Sorride: «No, sono proprio pochi dal punto di vista numerico, i giovani. La denatalità non è più un concetto astratto, ci sbatti addosso. Poi ti rinfranchi guardando l’Arena strapiena di scout...».
– Anche se poi tocca sentire assurde polemiche per una Messa celebrata davanti a migliaia di tranquillissimi fedeli...
«Sono cose che fatico a capire, al di là degli aspetti burocratici. Concerti rock strapieni sì, una Messa no... Non mi pare che si metta a repentaglio la salute del monumento, né che si discriminino altre forme religiose laddove dovrebbero trovare anche loro spazio senza problemi».
– Che mondo religioso ha trovato tra i 14 vicariati?

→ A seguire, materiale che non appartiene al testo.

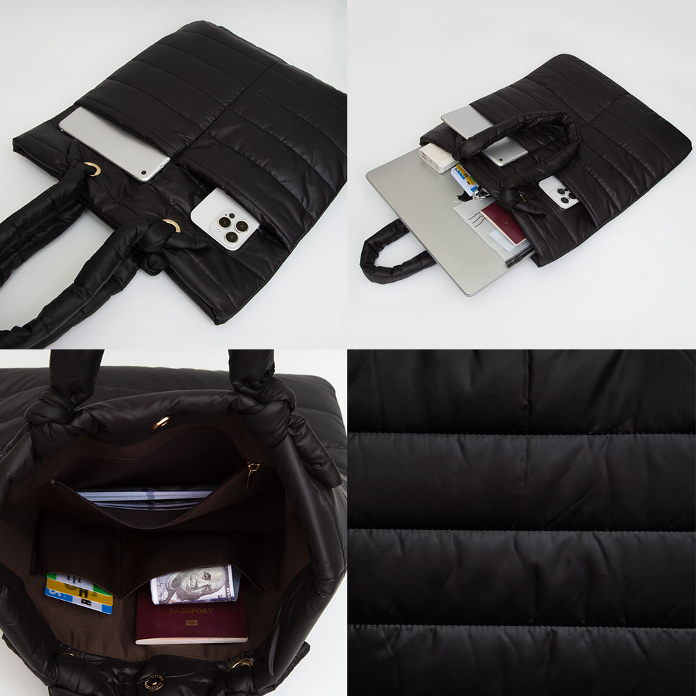 • A lightweight quilted tote bag featuring a sleek padded finish, roomy interior, and comfortable handles for effortless everyday carry. Its clean, modern silhouette makes it ideal for work, errands, or travel while adding a refined, cozy touch to any outfit.

«Ho trovato un clero ben radicato nel territorio, presente nella società in cui vive. La cosa che più mi ha colpito della Chiesa veronese è che la parrocchia non è solo chiesa e liturgia, ma è spesso oratorio, campo sportivo, circoli Noi, spazio per gruppi e associazioni, addirittura per scuole non statali e per case di riposo... È una Chiesa che interagisce bene a livello sociale, educativo, sportivo, assistenziale; che da tanto tempo ha realizzato una felice integrazione tra Vangelo e società (e i suoi santi ne sono esempio). Certo, pur con qualche difficoltà evidente, perché anche qui ci sono fenomeni di disaffezione alla pratica religiosa, di minore partecipazione. Mi pare però di cogliere nel complesso una grande consapevolezza e un forte impegno dei laici – che sono coloro che portano avanti tutta una serie di attività collaterali – nel voler tornare a essere comunità».
– In sintesi?
«Mi pare che sia stato molto interessante il modo di raccontarsi di tutti, dai quali spiccano tre elementi: le fratture, le situazioni di difficoltà che si vivono e che l’esperienza del Covid ha acuito; i germogli, le cose che cominciano a spuntare dal terreno, un’attenzione speciale per il mondo delle famiglie, dell’educazione, della cura dei fragili. Infine le prospettive: tra queste una maggiore capacità di lavorare assieme superando atavici campanilismi che frazionano e impoveriscono le comunità, con il desiderio di trovare linguaggi e forme per far sì che il cammino della fede possa essere partecipato da persone che vivono ai margini della Chiesa. Che è e deve essere missionaria».
– Si chiude a Verona centro, con un suo messaggio alla città sabato 20 maggio a San Zeno in occasione della festa patronale. Una novità per noi.
«Come si usa in altre comunità, sarà un momento di riflessione condivisa con tutte le persone che si occupano di far andare avanti questa città. È in concomitanza con la festa patronale, che non è solo un richiamo al passato, ma anche (lo dice il nome) alla “patria comune”, ciò che ci muove insieme pur nelle distinzioni e nelle inevitabili differenze che esistono in qualsiasi società pluralista. Il desiderio è quello di porre ogni anno in evidenza un punto, e di ragionare su questo».
– Il “punto” di quest’anno?
«Sarà il Salmo 127 (126): “Se il Signore non costruisce la casa, invano vi faticano i costruttori”. Costruire la casa comune implica da parte di tutti lo sforzo di andare al di là delle personali prospettive, e di lavorare assieme per il bene comune. Ma non anticipiamo troppo».
– Certo. Passiamo allora alle cose serie: cosa ha portato a casa da quest’esperienza, gastronomicamente parlando?
Sorride e si passa una mano sul volto: «Beh, con i giovani una quantità di spritz... (non così usuali per un laziale come lui, ndr). In generale, ricordo tanti buoni risotti».
E anche questi poco usuali per chi non viene dalle terre del Vialone Nano e non sia convinto, come invece è opinione comune a Isola della Scala, che il Maestro – prima di condividere il pane e il vino – si sia nutrito con un buon risotto al tastasàl. All’onda, e non secco e sgranato come fanno quegli infedeli dei mantovani.